# Brake, ABS, and DSC Warning Lights Coming On



## cai (Feb 24, 2006)

The car starts normally in the morning, but after driving about 3 miles if I shut it off next time I start it the DSC light and the brake and ABS warnings come on. Sometimes the light and warnings come off after repeatedly turning the car on and off. Sometimes the light comes on a few miles after I start the second time. I connected the code reading tool to see if there were any codes being generated - there were none. There are no warning messages in the main (long) middle pannel, just the lights come on. When the lights and warnings were on I tested the car for ABS by slamming on the brakes at about 40 mph, there was no ABS and I left a trail of burnt tire marks.

I am thinking that this could be a heating issue caused by a sticking caliper, or at best a computer error which could be corrected by resetting it - that is remove power and then reconnect the battery.

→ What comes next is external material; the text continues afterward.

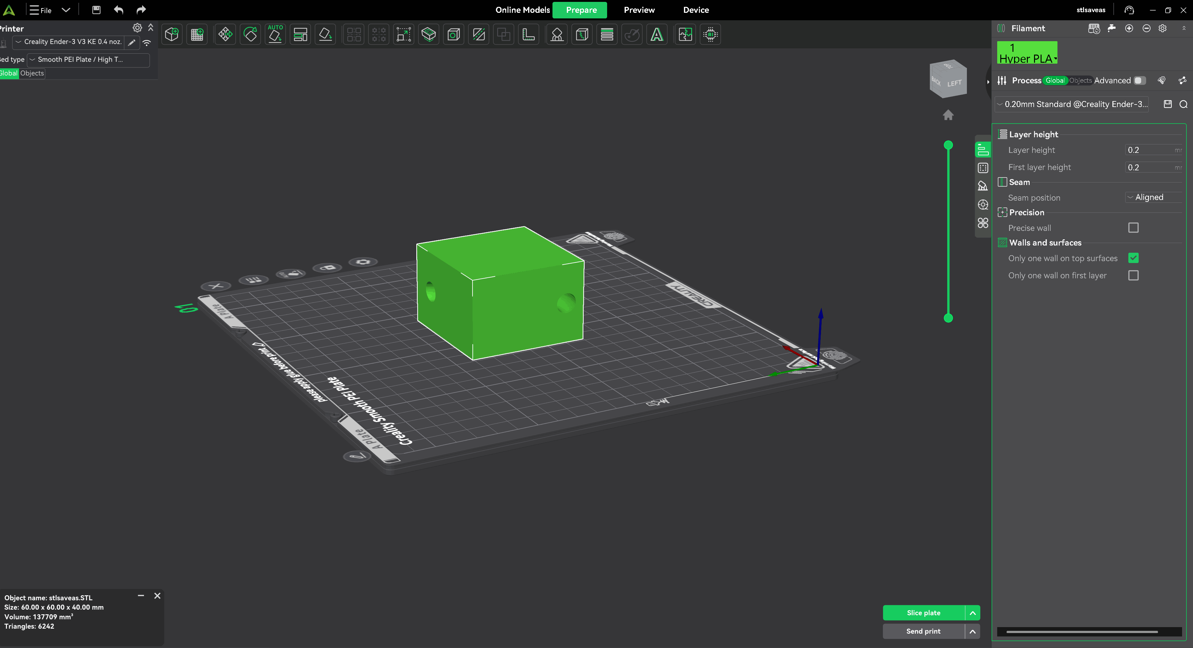 After saving the model as an STL file, I launched Creality Slicer and imported the design.
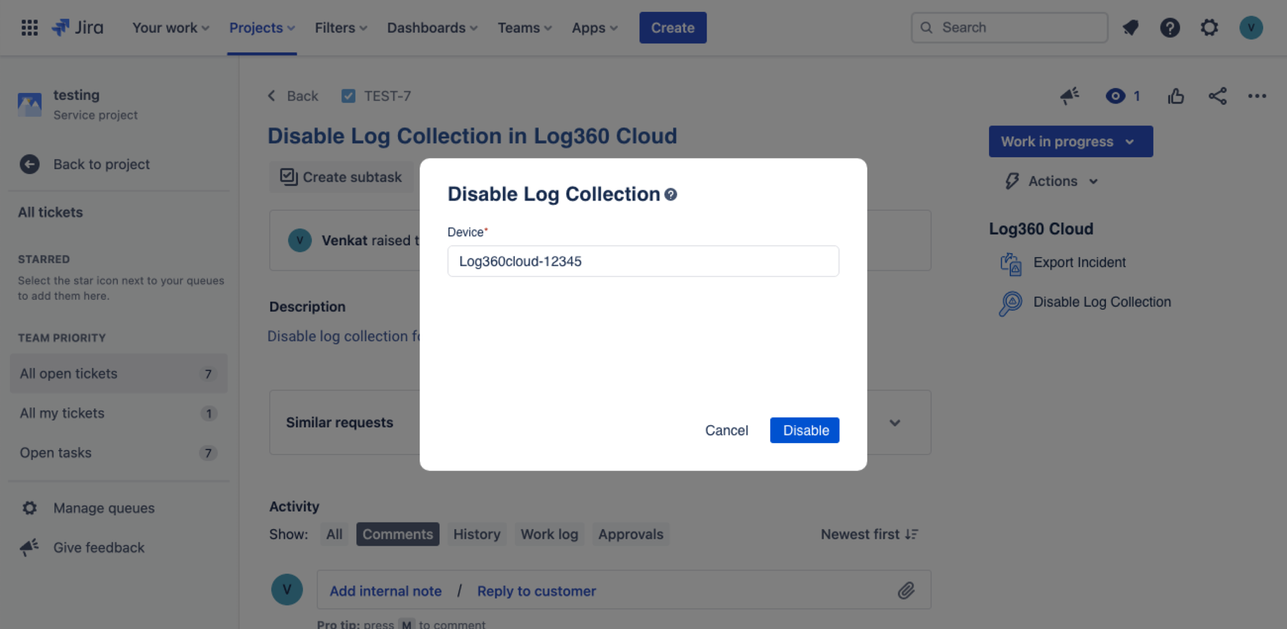 - Seamlessly manage and respond to incidents within Jira using Log360 Cloud.

Any ideas of what is happening? Thank you.


----------



## NTB (Oct 20, 2004)

Are you low on brake fluid?

Have you done a fluid swap?

When was your last brake pad and disk change?


----------



## cai (Feb 24, 2006)

NTB said:


> Are you low on brake fluid?
> 
> Have you done a fluid swap?
> 
> When was your last brake pad and disk change?


I was low on brake fluid and put in a bit of Castrol DOT 3/4.
I have not done the 2 year fluid swap, but have been thinking about it.
The pads and rotors are about 20,000 miles old, on inspection do not seem bad.

Thank you.


----------



## NTB (Oct 20, 2004)

So this happened after adding fluid, or adding fluid fixed it?


----------



## cai (Feb 24, 2006)

NTB said:


> So this happened after adding fluid, or adding fluid fixed it?


Neither, it was present before adding fluid and adding fluid did not fix it.

Thank you.


----------



## cai (Feb 24, 2006)

The problem was with the ABS module. I took the car to the semi-dealer and it appears to have been fixed.


----------



## bulent335 (Aug 15, 2006)

was it the steering sensor?


----------



## LexusSoarer (Dec 24, 2006)

cai said:


> The problem was with the ABS module. I took the car to the semi-dealer and it appears to have been fixed.


Ohhh how much did that cost you?? I am currently having the same problem on my 850 and the dealer says it will cost me an arm and a leg for the module alone.


----------



## cai (Feb 24, 2006)

It did not cost me anything, I have the car on an extended warranty that I bought. However, I think the module costs about $200 and it should not take more than an hour to replace, if that much. See if you can find an independent shop that specializes in BMWs and ask them if they would install the part for you, then go and buy it on the internet. Or the other option is to tell them where to buy the part on the internet and have them install it. Some shops get hefty discounts and in the latter case they will make money off it, but not as much as the dealer wants.

If you are in the DC area I can put you in touch with the semi-dealer that I use - Auto Advantage in Manassas. They have semi-reasonable rates.

Good luck.


----------